The data below should be restated word for word, pictures omitted.

┌─ Provided material

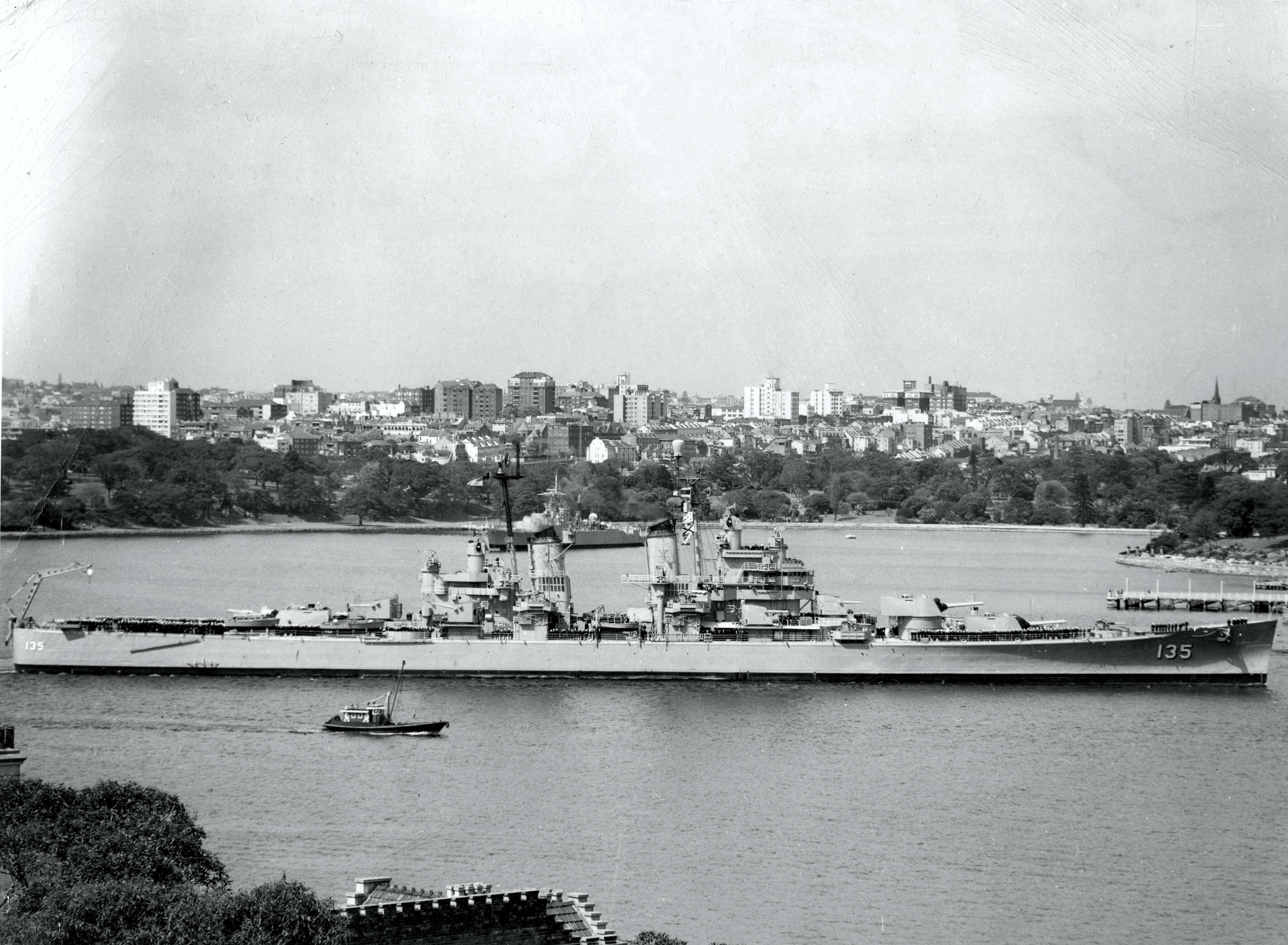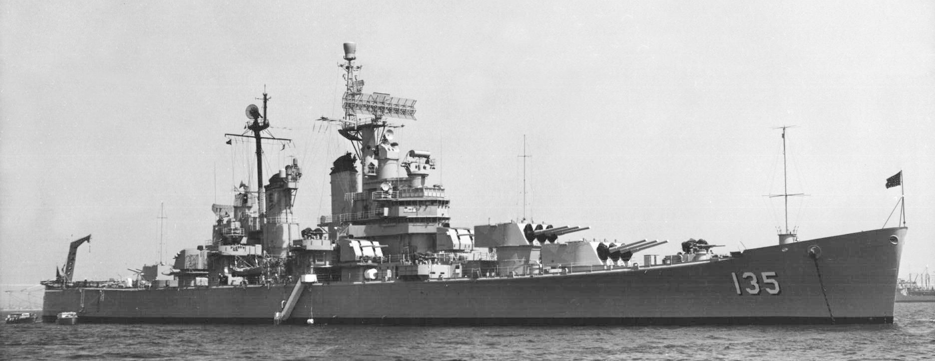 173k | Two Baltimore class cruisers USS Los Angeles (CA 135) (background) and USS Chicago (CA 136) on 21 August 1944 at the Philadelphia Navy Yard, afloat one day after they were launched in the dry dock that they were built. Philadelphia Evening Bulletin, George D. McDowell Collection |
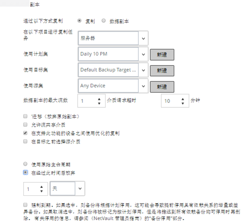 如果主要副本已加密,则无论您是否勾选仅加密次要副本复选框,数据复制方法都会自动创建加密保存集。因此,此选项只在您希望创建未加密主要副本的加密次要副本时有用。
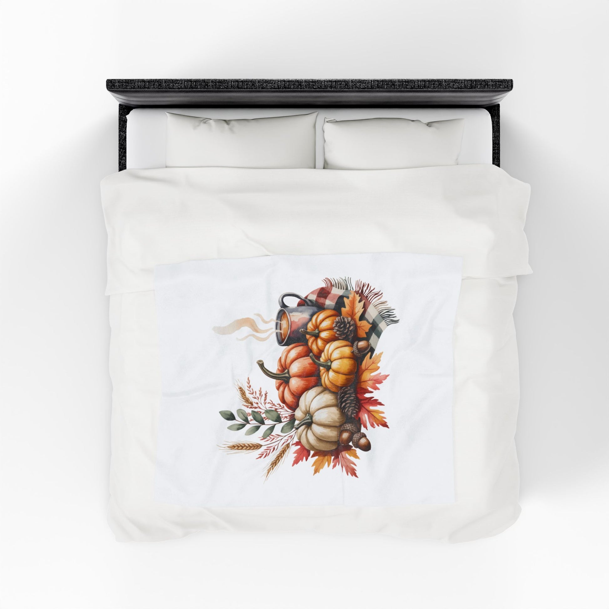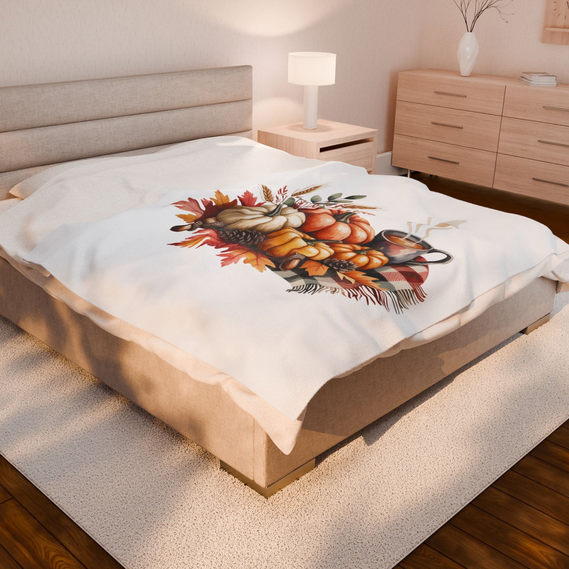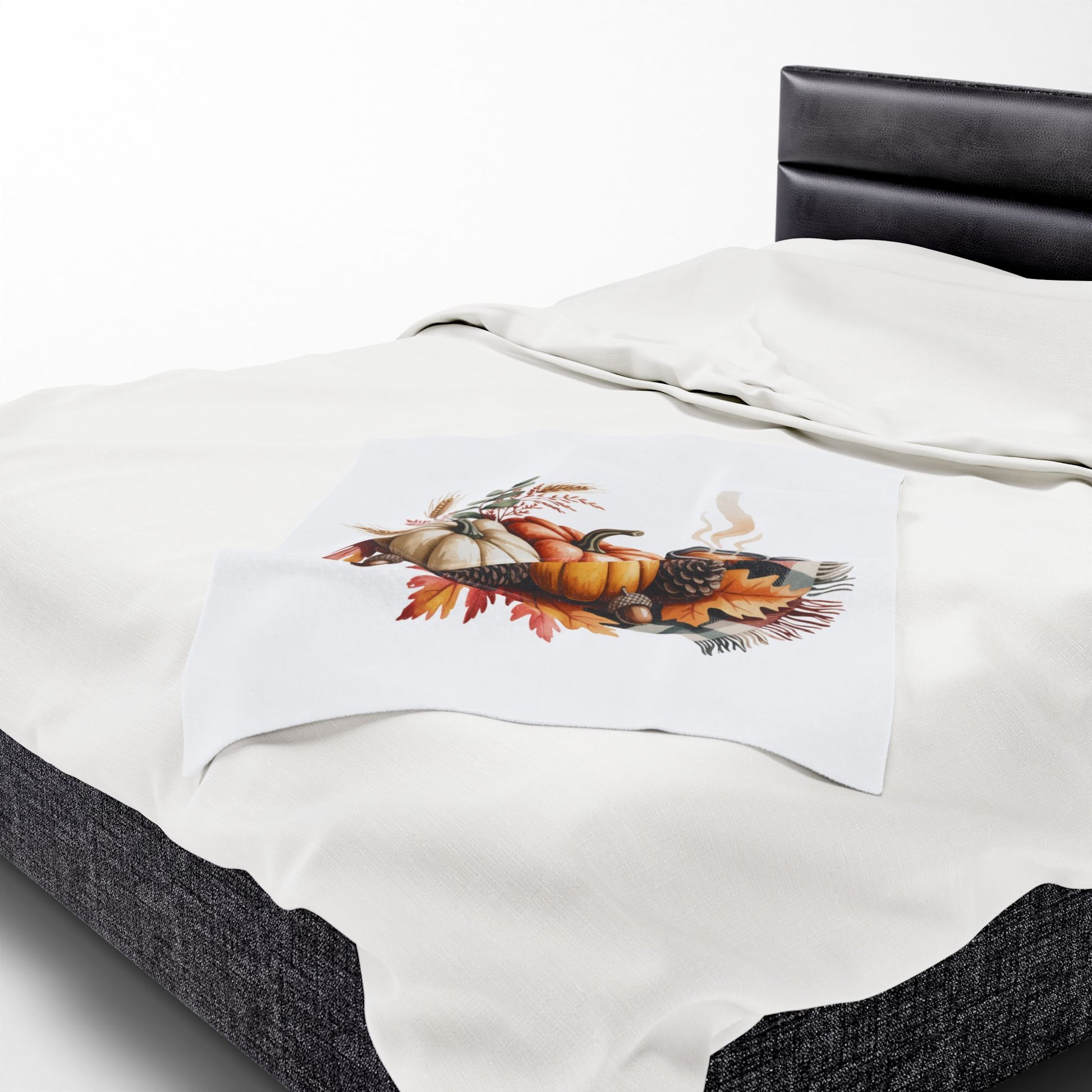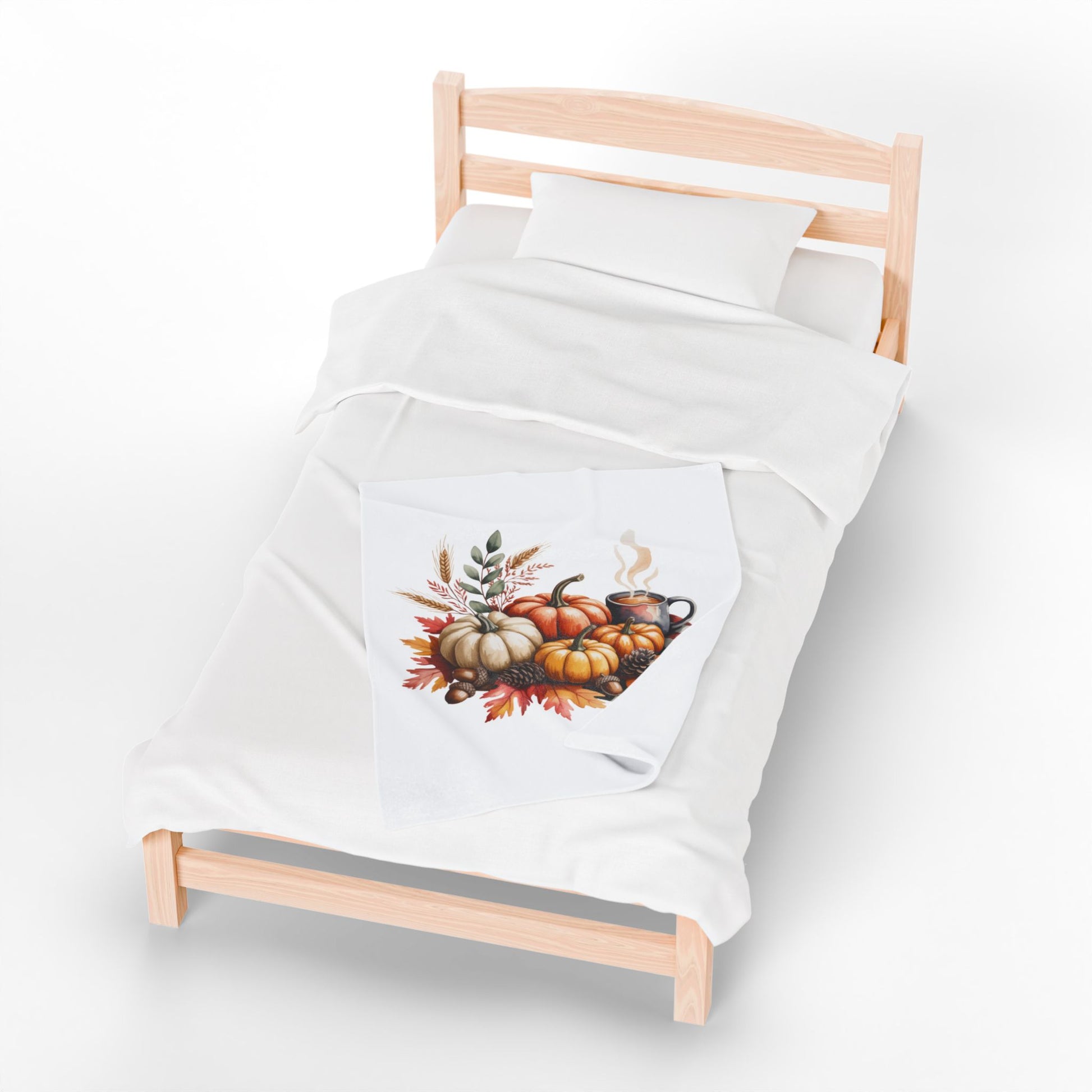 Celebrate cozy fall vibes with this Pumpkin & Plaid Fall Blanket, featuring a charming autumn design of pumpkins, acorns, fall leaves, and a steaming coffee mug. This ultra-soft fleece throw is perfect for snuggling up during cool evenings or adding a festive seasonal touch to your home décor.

└─

_Result of this task_
 173k | Two Baltimore class cruisers USS Los Angeles (CA 135) (background) and USS Chicago (CA 136) on 21 August 1944 at the Philadelphia Navy Yard, afloat one day after they were launched in the dry dock that they were built. Philadelphia Evening Bulletin, George D. McDowell Collection |
 如果主要副本已加密,则无论您是否勾选仅加密次要副本复选框,数据复制方法都会自动创建加密保存集。因此,此选项只在您希望创建未加密主要副本的加密次要副本时有用。
 Celebrate cozy fall vibes with this Pumpkin & Plaid Fall Blanket, featuring a charming autumn design of pumpkins, acorns, fall leaves, and a steaming coffee mug. This ultra-soft fleece throw is perfect for snuggling up during cool evenings or adding a festive seasonal touch to your home décor.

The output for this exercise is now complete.